#### Data below:
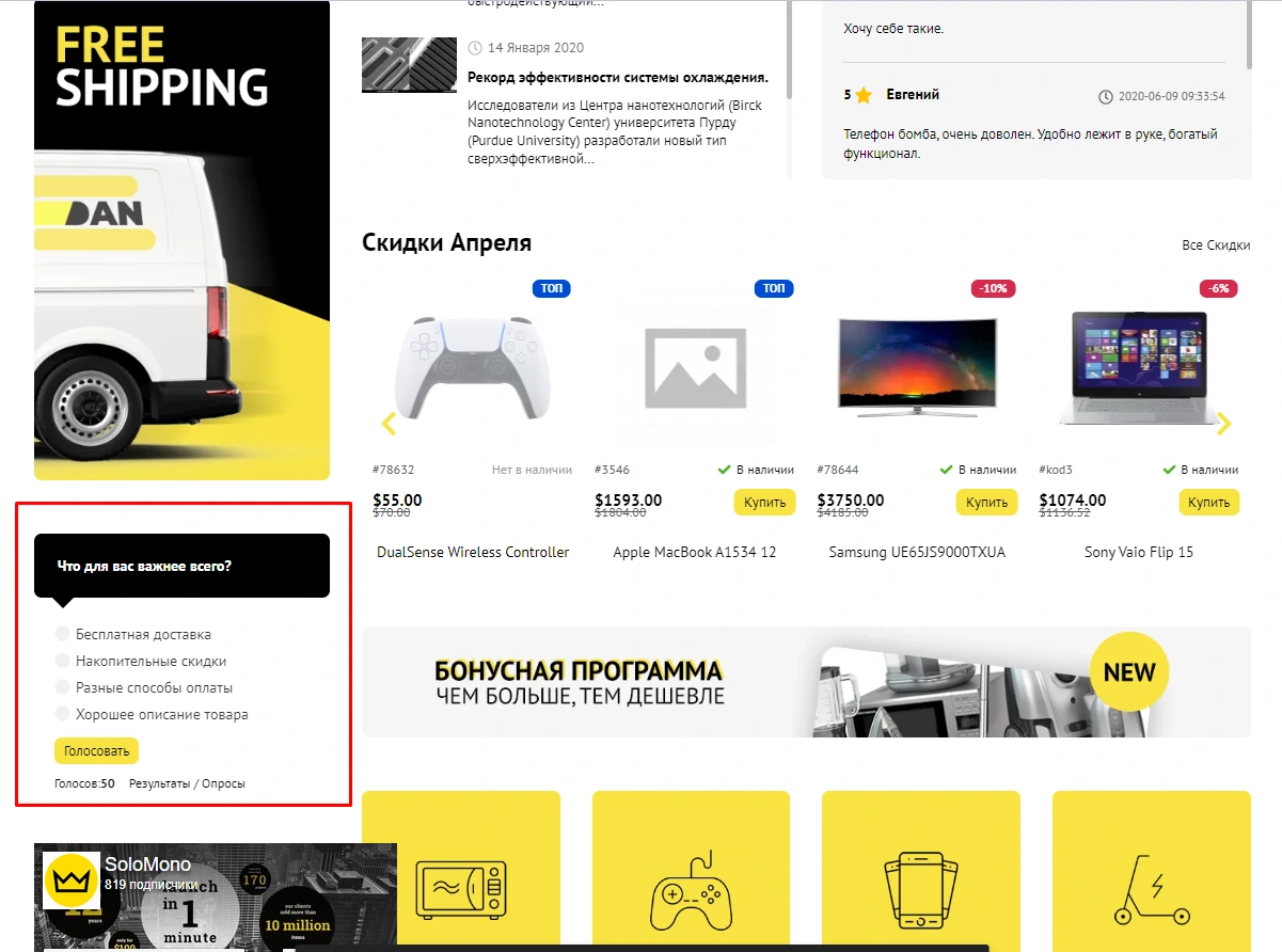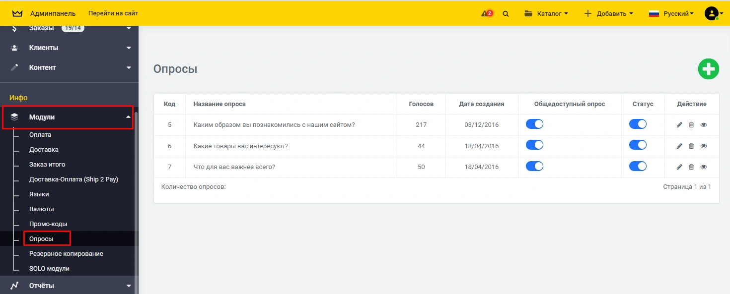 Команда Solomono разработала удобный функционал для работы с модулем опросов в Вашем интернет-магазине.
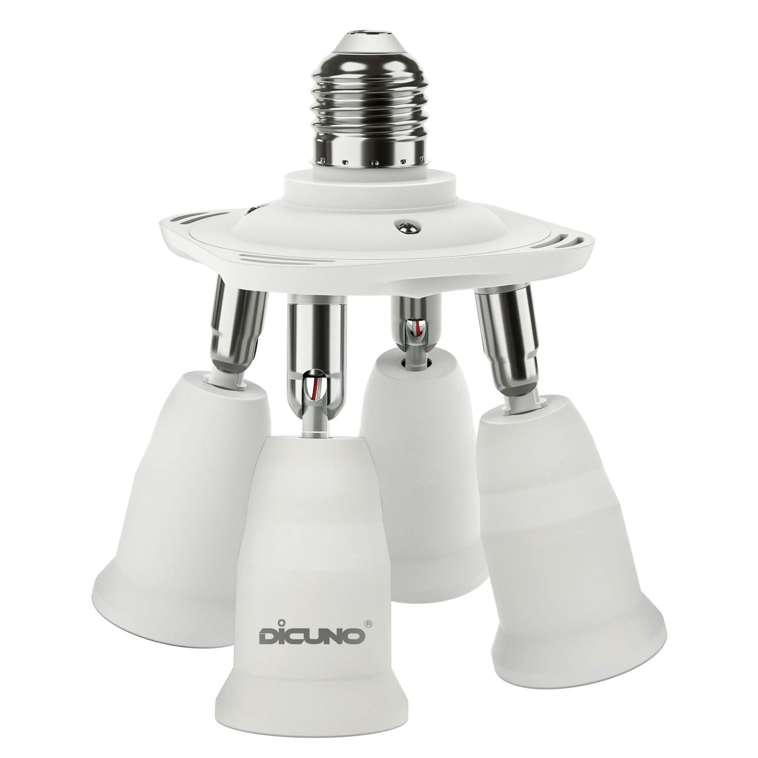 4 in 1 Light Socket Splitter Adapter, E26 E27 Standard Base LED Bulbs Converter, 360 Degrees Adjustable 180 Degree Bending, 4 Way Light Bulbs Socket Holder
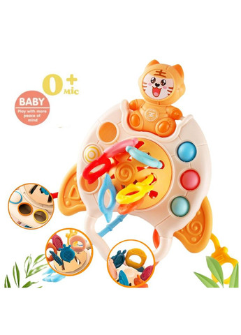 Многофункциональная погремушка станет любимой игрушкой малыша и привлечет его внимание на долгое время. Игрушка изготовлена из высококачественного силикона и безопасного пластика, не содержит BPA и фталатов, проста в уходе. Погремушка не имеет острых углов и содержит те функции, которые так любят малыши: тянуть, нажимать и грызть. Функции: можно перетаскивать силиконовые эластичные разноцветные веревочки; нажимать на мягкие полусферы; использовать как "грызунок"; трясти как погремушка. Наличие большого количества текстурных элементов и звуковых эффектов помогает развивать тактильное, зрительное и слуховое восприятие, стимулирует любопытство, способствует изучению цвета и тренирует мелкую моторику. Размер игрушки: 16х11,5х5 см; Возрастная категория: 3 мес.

#### Task item:
A word-for-word transcription of the listing is needed, minus its images.

#### Task output:
 Команда Solomono разработала удобный функционал для работы с модулем опросов в Вашем интернет-магазине.
 4 in 1 Light Socket Splitter Adapter, E26 E27 Standard Base LED Bulbs Converter, 360 Degrees Adjustable 180 Degree Bending, 4 Way Light Bulbs Socket Holder
 Многофункциональная погремушка станет любимой игрушкой малыша и привлечет его внимание на долгое время. Игрушка изготовлена из высококачественного силикона и безопасного пластика, не содержит BPA и фталатов, проста в уходе. Погремушка не имеет острых углов и содержит те функции, которые так любят малыши: тянуть, нажимать и грызть. Функции: можно перетаскивать силиконовые эластичные разноцветные веревочки; нажимать на мягкие полусферы; использовать как "грызунок"; трясти как погремушка. Наличие большого количества текстурных элементов и звуковых эффектов помогает развивать тактильное, зрительное и слуховое восприятие, стимулирует любопытство, способствует изучению цвета и тренирует мелкую моторику. Размер игрушки: 16х11,5х5 см; Возрастная категория: 3 мес.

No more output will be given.